British computer scientist

Kirstine Dale is a British computer scientist who is the Met Office Chief AI Officer. She is responsible for embedding artificial intelligence (AI) across the Met Office, particularly through the "AI for numerical weather prediction" programme. She is also a Fellow at the Alan Turing Institute and an Honorary Professor at the University of Exeter.

== Early life and education ==
Dale's father was a naval fighter navigator. Dale started her scientific career at the University of Leeds, where she studied zoology. She moved to the University of Glasgow for her doctoral research, where she studied the causes and consequences of contests for space in Atlantic salmon. She completed a Master of Business Administration at the University of Exeter.

== Research and career ==
Dale is the Chief AI Officer for the Met Office and honorary Professor at the University of Exeter. The Met Office sees AI as a complement to numerical weather prediction. Traditional forecasts rely on vast physics‑based simulations running on supercomputers; newer AI models act as “surrogate models”, learning the behaviour of those complex systems and reproducing key outputs far more quickly.

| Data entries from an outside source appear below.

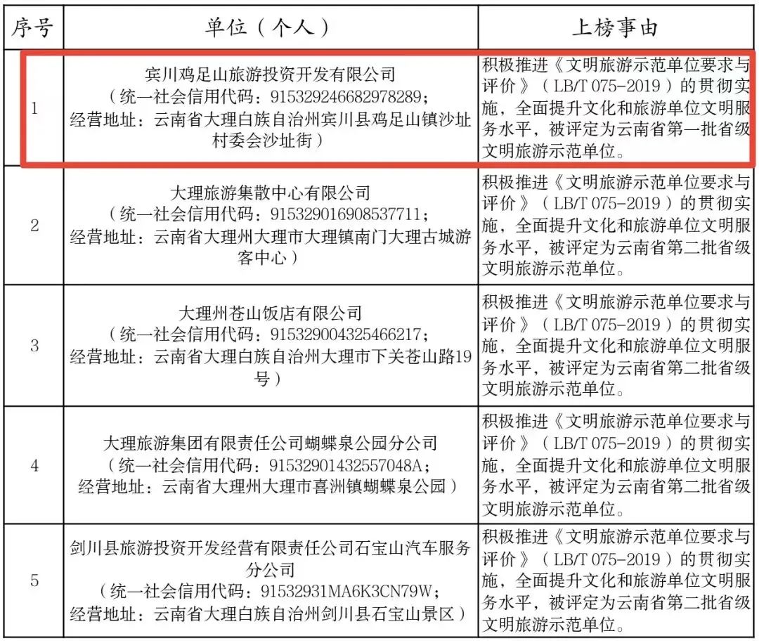 宾川鸡足山旅游投资开发有限公司上榜“红榜”!2024年度第1期大理州文化和旅游“红黑榜”名单公布
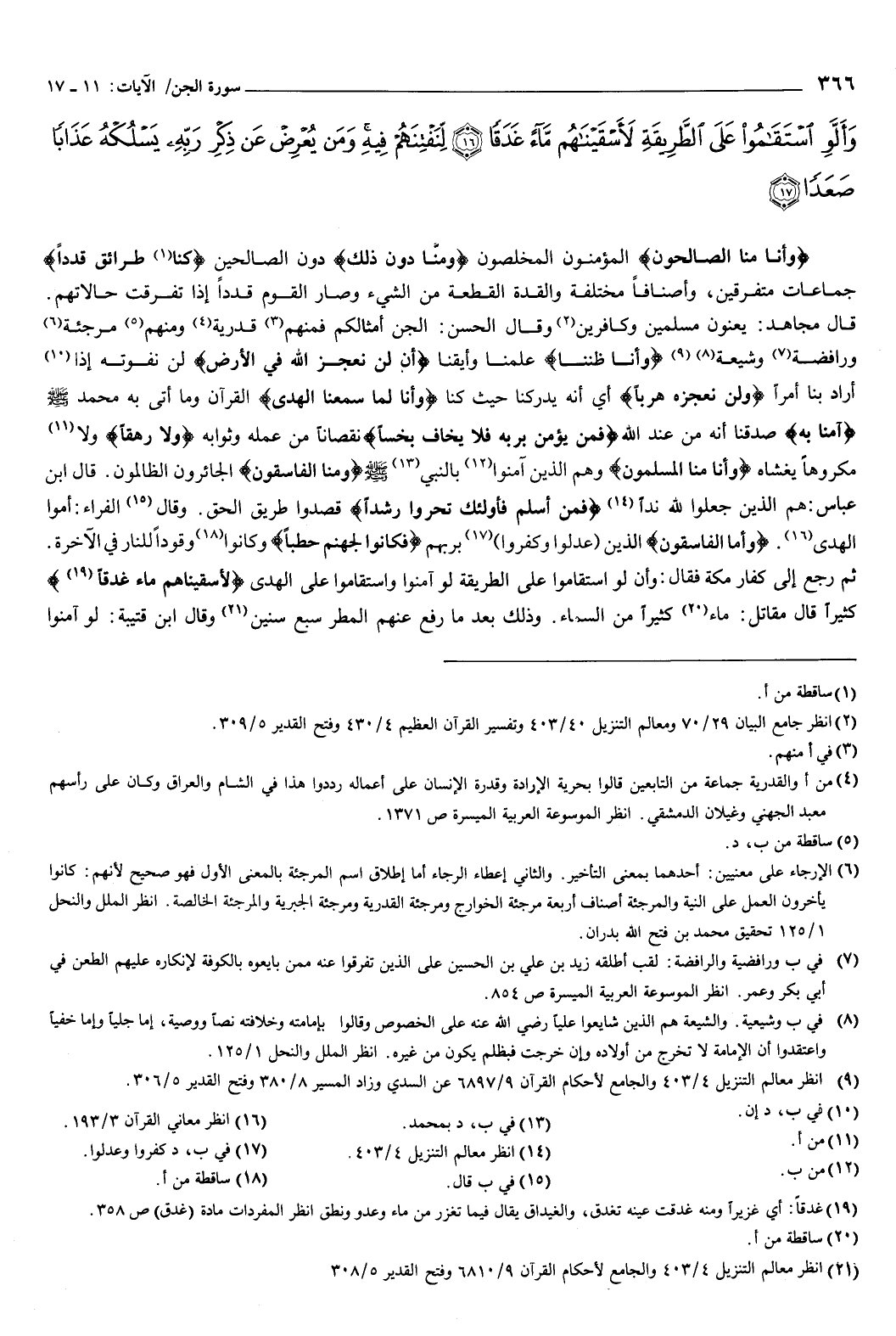 {وَأَنَّا مِنَّا الصَّالِحُونَ} [الجن: 11] المؤمنون، المخلصون، {وَمِنَّا دُونَ ذَلِكَ} [الجن: 11] دون الصالحين، {كُنَّا طَرَائِقَ قِدَدًا} [الجن: 11] جماعات متفرقين، وأصنافًا مختلفة، والقدة: القطعة من الشيء، وصار القوم قددًا إذا تفرقت حالاتهم، قال مجاهد: يعنون: مسلمين وكافرين.
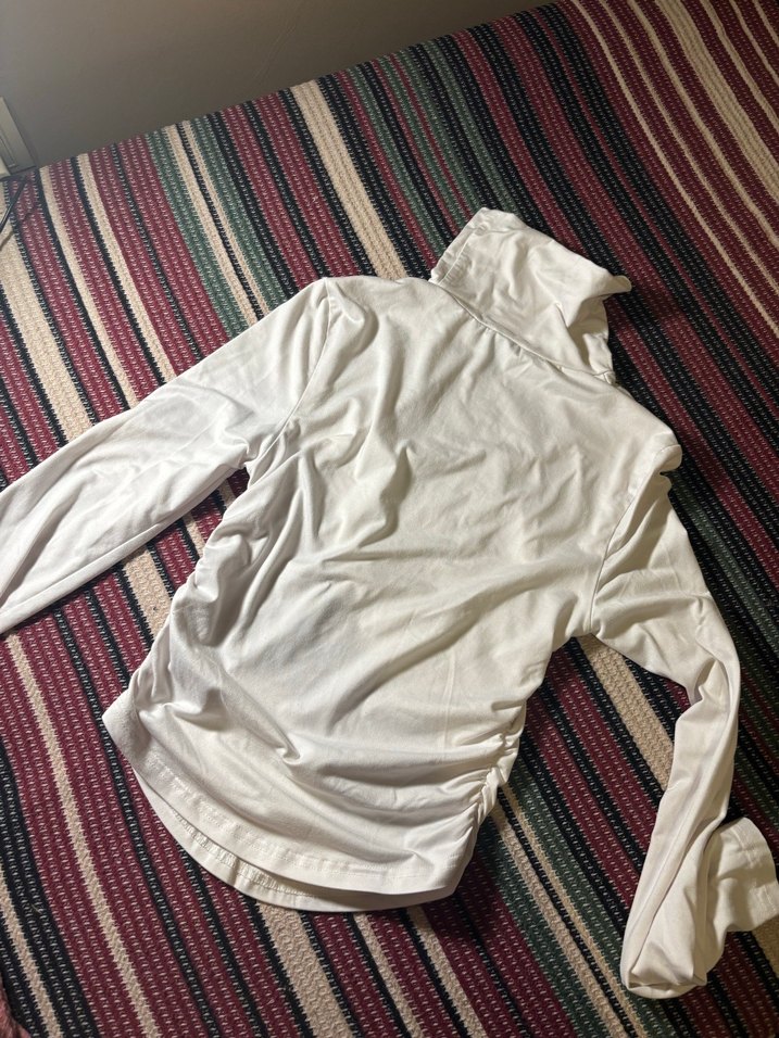 Beyaz balıkçı yaka ve uzun kollu, drapeli bluzu. Keten kumaştan, normal midi boyunda, günlük sokak stili için uygun.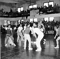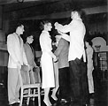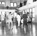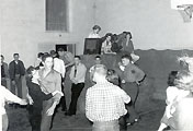Scudder and Jean Anglemeyer dancing, Jim Watson to left of Jean against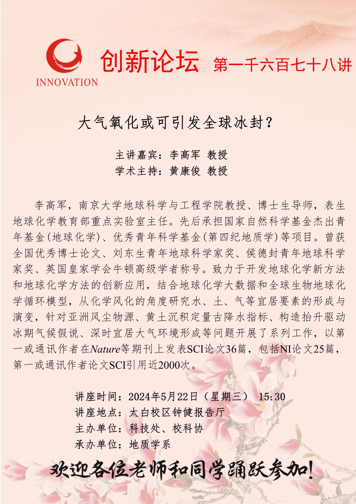 李高军 教授 bat365正版唯一官网创新论坛第一千六百七十八讲:大气氧化或可引发全球冰封? 讲座时间 2024年5月22日(星期三) 15:30 讲座地点 太白校区钟健报告厅 讲座人介绍 李高军 教授 讲座内容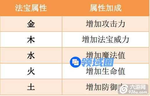 目前,法宝的属性分为5类:分别为金、木、水、火、土。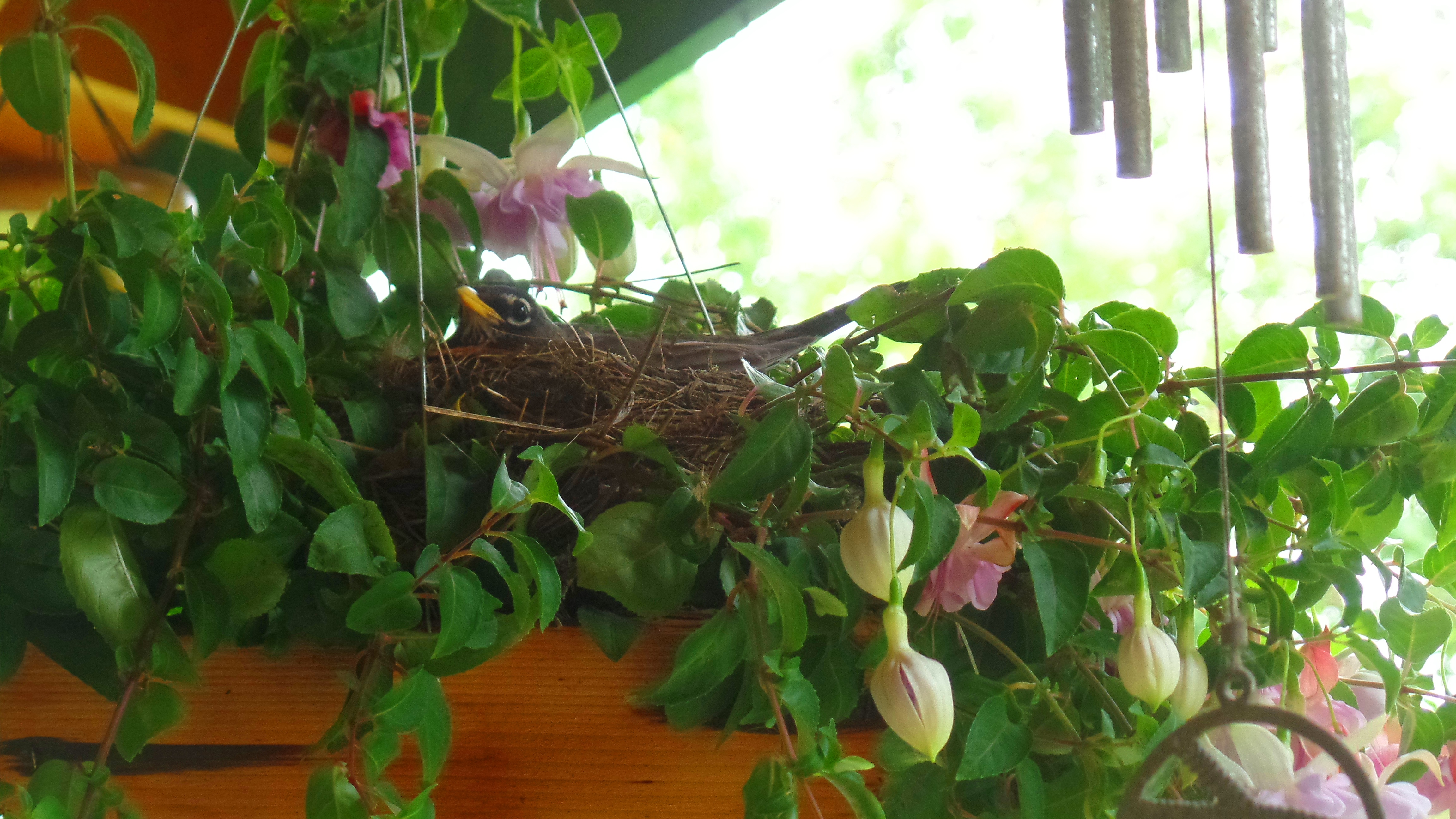 SAMSUNG CAMERA PICTURES Published June 19, 2015 at 4608 × 2592 in The Robin Family in the Hanging Fuschia June 6th (photo by Karen Molenaar Terrell)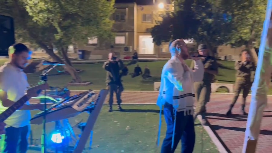 "געוואלדיג" • הזמר החסידי ליפא שמלצר שהגיע במיוחד מארצות הברית לשמח את חיילי צה״ל - מקפיץ בשירה בבסיס גולני יחד עם מתנדבי הכנסת אורחים רשב"י.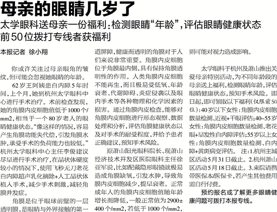 太学眼科于杭州及萧山推出关爱母亲特别活动,为不同年龄段的母亲送上福利,检测眼睛年龄,评估眼睛健康状态,预知手术风险。即日起,即可领取以下福利(仅限前50位):40岁以下女性:角膜内皮细胞数量检测、近视+干眼评估;40-55岁女性:角膜内皮细胞数量检测、老花眼+早发性白内障评估;55岁以上女性:角膜内皮细胞数量检测、白内障+黄斑病变评估。 注:1.杭州主城区活动5月31日截止。2.杭州萧山区活动5月18日截止。3.来院请携带医保本/医保卡,若产生其他费用需自行付费。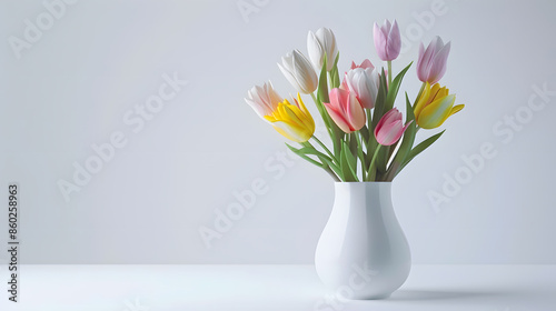 Elegant mixed pastel colored spring bouquet in white vase on white background Spring flowers Tulips bouquet : Generative AI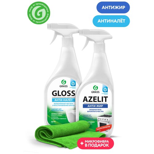Набор ГраСС (Grass) антижир + антиналет предназначен для ухода за ванной и кухней, в состав которого входят: Средство для уборки кухни чистящее средство для кухни Azelit Антижир от GRASS современный помощник для ежедневной уборки дома. Азелит универсальное чистящее средство для плиты, эффективно удаляет жир, нагар, копоть и пригоревшую пищу с эмалированных, хромированных поверхностей, изделий из стекла, нержавеющей стали, фаянса, фарфора концентрированное средство для удаления жира, нагара и копоти со сковородок, кухонных плит, коптильных камер, фритюрниц, грилей, духовых шкафов, микроволновых печей и др. Для плиты средство содержит активные чистящие вещества, которые помогают максимально эффективно справиться с застарелыми загрязнениями.Универсальное чистящие средство спрей Gloss 0,6 л от компании Грасс для ванной комнаты - профессиональная бытовая химия для дома. Подходит для чистки ванны, раковины, джакузи, бассейна, сантехники, фаянсовых изделий и кафеля от известкового налета, потеков ржавчины, мыльных разводов и солевых отложений не повреждая поверхность. Эффективно удаляет сложные и застарелые загрязнения. Безопасно для стеклокерамических, металлических акриловых поверхностей, раковин из нержавеющей стали. С помощью спрея даже генеральная уборка в доме проходит легко и быстро. Придает поверхности чистоту и блеск, сохраняя эффект антиналет на несколько дней. Не придется использовать набор скребок и жестких щеток, достаточно мягкой тряпки, губки и салфетки. Многофункциональное дезинфицирующее средство не содержит хлора и щелочных веществ. Приобретая чистящие и моющие товары GRASS,

Dale has worked with the Alan Turing Institute and Met Office to use data science and AI in weather forecasting. A flagship effort is FastNet, a machine‑learning weather prediction model. She has explained that public trust will be critical when using artificial intelligence in weather forecasting.

Dale is an advocate for women in data science and machine learning. Her top advice for entering the sector include: building a support network, following one's interests and demonstrating leadership.

== Selected publications ==
- Dale, Kirstine I. (2023). "Environment-Aware Digital Twins: Incorporating Weather and Climate Information to Support Risk-Based Decision-Making"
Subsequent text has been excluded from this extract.